E200 AMG Line Edition 5dr 9G-Tronic
The Mercedes E-Class Estate has always been a very classy way to carry rather a lot. Now it's better-looking, cleverer and more efficient than ever. A focus on downsized engines will be a big draw and the development of a fire-breathing E63 AMG model adds some excitement, but the whole range just feels slicker and more desirable than ever. It's all very impressive, particularly as you can still carry up to around 2,000-litres.
It used to be that if you wanted a large, plush practical estate, you bought a big Volvo. For some years now though, that role has been only fully filled by the Mercedes E-Class Estate. Rivals trade space for a bit of style but this car continues to prioritise practicality, with nearly 700-litres of room on offer even before you start folding seats. This generation E-Class Estate first appeared in 2009 and received a series of rave reviews. In truth, not a lot needed doing to it, but Mercedes has taken the opportunity to burnish its appeal still further, improve the efficiency of its engine line-up and really go to town on the halo model of the range, the astonishing E 63 AMG. In its own subtle way, the E-Class station wagon has slyly morphed into something you could really covet.
This generation car might appear to concentrate on aspects other than the driving experience, but Mercedes has taken the opportunity to develop the E-Class into a much better-riding vehicle. You'll need to pay attention when specifying the car as there's a tonne of choice available. Even the suspension choices can be dizzying, with the comfort-oriented DIRECT CONTROL suspension with selective damping system, a version of this with a 15mm lowering, an AMG Sports version and the AIRMATIC suspension that's fitted to the V8 cars. All of the models of the E-Class family get an electromechanical Direct-Steer system as standard. There's a wide variety of engine choices, with an increased focus on efficient four-cylinder units. The E200 and E250 petrol models get 2.0-litre fours that develop 184 and 211PS respectively and both get stellar economy figures and deliver decent acceleration. They're a long way removed from the rough Kompressor fours of the past. Diesel buyers choose between the 2.1-litre four-cylinder E200 CDI (136PS), the E220 CDI (170PS) and the E250 CDI (204PS), or else there's a 3.0-litre V6 E350 Bluetec with a healthy 252PS. There's also an intriguing diesel/electric hybrid, the E300 Bluetec Hybrid, that features much the same engine as used by the E250 CDI but with a 26PS electric motor added.

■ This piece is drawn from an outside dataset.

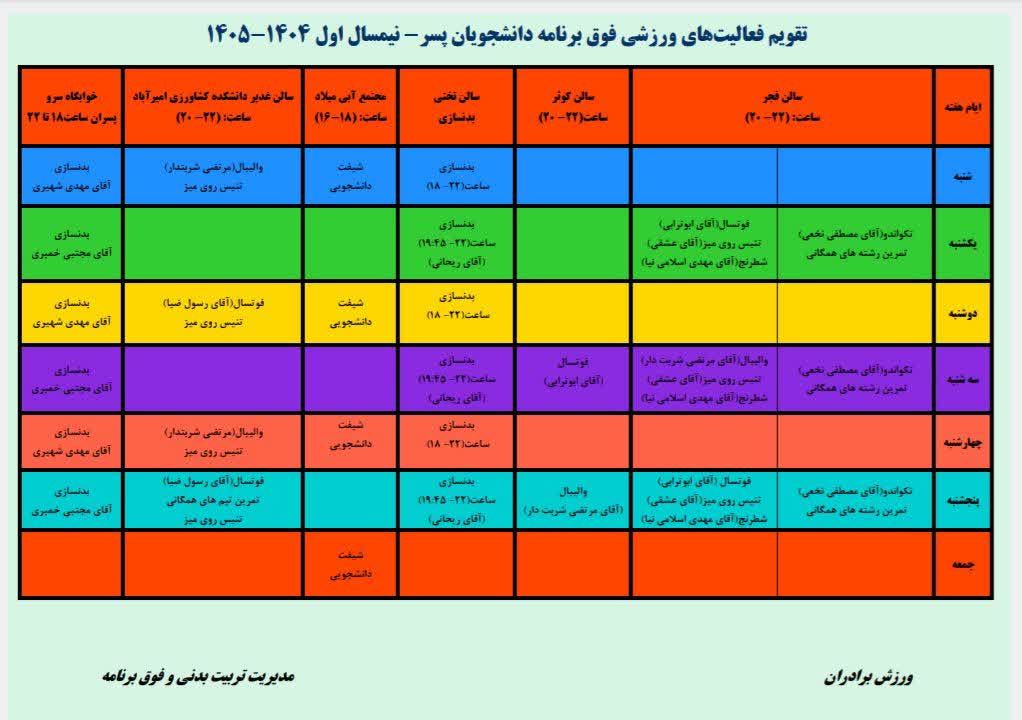 تقویم فعالیت های ورزشی فوق برنامه دانشجویان پسر تعداد بازدید:۴۲۸۰ ارسال به دیگران نام شما ایمیل شما ایمیل دریافتکننده ارسال انصراف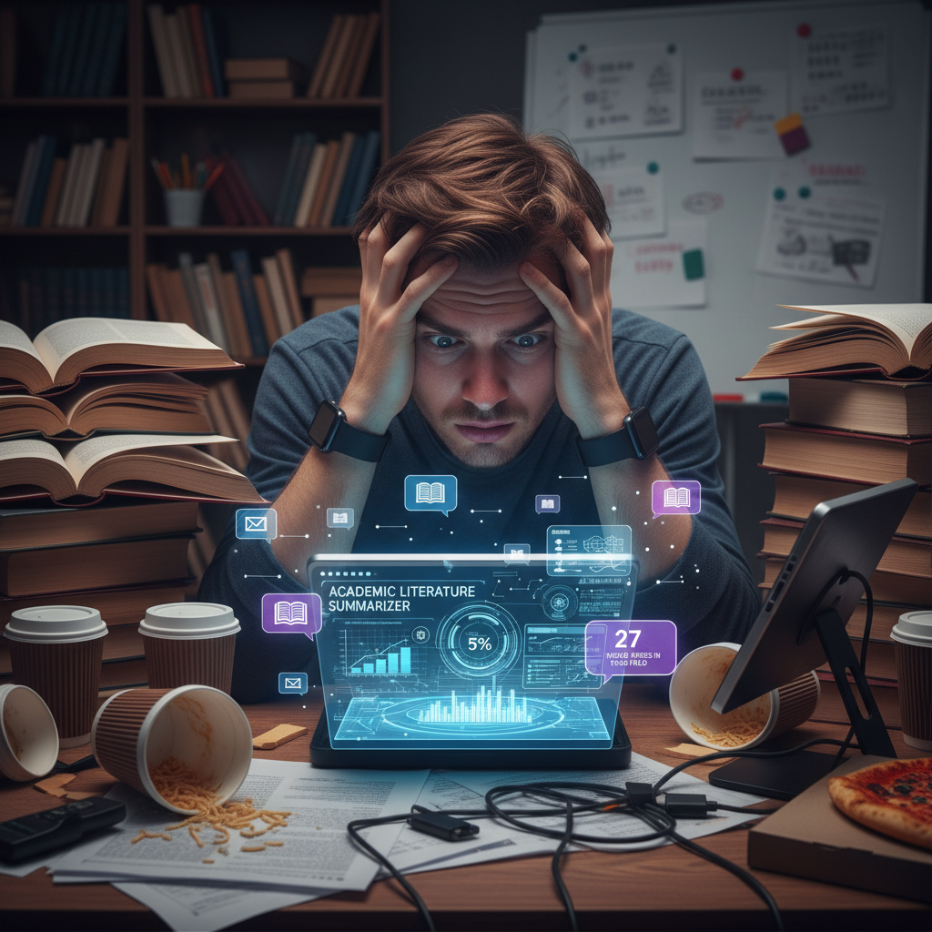 Overwhelmed researcher facing academic literature overload, representing the struggle of using AI summarizer tools for endless research papers.

The practicality of this car hasn't changed with this mid-term package of revisions. So you still get 695-litres of space with the rear bench up and 1950-litres with the back seat flattened. In other words, this is still the most practical choice in the Executive estate class. Some might have thought this car earned that accolade as a result of styling a tough frumpier than that of svelte rivals like Audi's A6 Avant, BMW's 5 Series Touring or the Jaguar XF Sportbrake. And it's at these people that the most recent aesthetic wash 'n brush-up is aimed. The first thing you'll probably notice are this model's revised headlights. And what a set of headlights they are, comprising all the functional elements within a single lens. Flowing light elements within the headlamps ensure that the "four-eyed" look which is typical of the E-Class has been retained. The lamp units are fitted with partial LED lights as standard, while full LED technology is available for the first time in this class as an option. You need this. It gives the car a light signature that's really striking. The interior has come in for some budget, with better quality upholstery and a two-part trim which stretches across the entire dashboard. It can be selected in a wood or aluminium look, irrespective of the equipment line. You'll also notice a neater three-gauge instrument cluster, part of a much smarter display, complemented by a redesign for the two central air vents, between which sits a lovely analogue clock, specially branded in the top AMG model.
Expect to allow a premium of at least £35,000 for E-Class estate ownership, which represents a premium of just under £2,000 over the saloon model. Overall, that's pretty competitive against rivals like the Audi A6 Avant, the BMW 5 Series Touring and the Jaguar XF Sportbrake. Lottery winners can pay up to around £75,000 for the top E63 AMG variant. The range has been re-jigged to make it easier to understand, with a two-trim line-up acting as the foundation. Entry level is the discreet SE guise which comes with 17-inch alloy wheels, partial LED headlights, a DAB digital radio, ActivePark assist with Parktronic, Collision Prevention Assist and the COMAND Online infotainment system. Choose an AMG Sport model and you get 18-inch five-spoke alloys and sports seats with dynamic side bolsters. One of the key pieces of technology in this latest E-Class is the Collision Prevention Assist, a radar-based warning system with adaptive brake-assist. The sheer amount of sensor technology that can be specified into the E-Class is quite astonishing, with both long and short range radars and a stereo camera with smart software that recognises pedestrians at road intersections. Equally impressive are the fully integrated social media functions that can be specified. Got an iPhone? You can integrate pretty seamlessly. On Android? No such luck. Black mark, Merc.
There's not much of a running cost penalty for choosing an E-Class Estate over the saloon version. And it helps that the focus on economical four-cylinder models has meant that the average cost of running an E-Class has tumbled. Mercedes even trumpets the V8 E63 AMG model as the most efficient powerplant of its type. Go for a four-cylinder unit and you're looking at 45.6mpg from the petrol E200 and E250 models, with emissions from 144g/km to boot. Choose a diesel engine and economy ranges from 55.4mpg for the E220 CDI to 45.6mpg for the E350 Bluetec V6. The diesel/electric E300 Hybrid nets 62.8mpg and 119g/km. Even the E63 AMG doesn't turn in too catastrophic a performance at the pumps, averaging 28.3mpg and emitting 234g/km. Drive it as designed and your figure may well dip somewhat. Residual values are some of the best in the sector, although you will have to keep an eye on options pricing if you want to keep a cap on your pence per mile figures.
Before this improved E-Class estate appeared, the Mercedes of executive station wagons was perceived as a practical but slightly over-sensible choice in this sector. These days though, it's a much smarter choice - in more ways than one. Today, it feels like a car that's pricey but which offers a compelling value proposition. It drives with genuine polish, yet is capable of stepping from cruiser to carouser without breaking a sweat. Operating the car is relatively easy and you rarely feel as if this Mercedes is imposing its will on you, unlike certain rivals I could mention. The abiding impression is that this is a very carefully considered vehicle, developed by a company steeped in a proud engineering tradition. If you want to carry properly hefty loads in a car of this kind yet want to do so with more than a modicum of style, this is one to place right up there with its premium rivals. Better by design.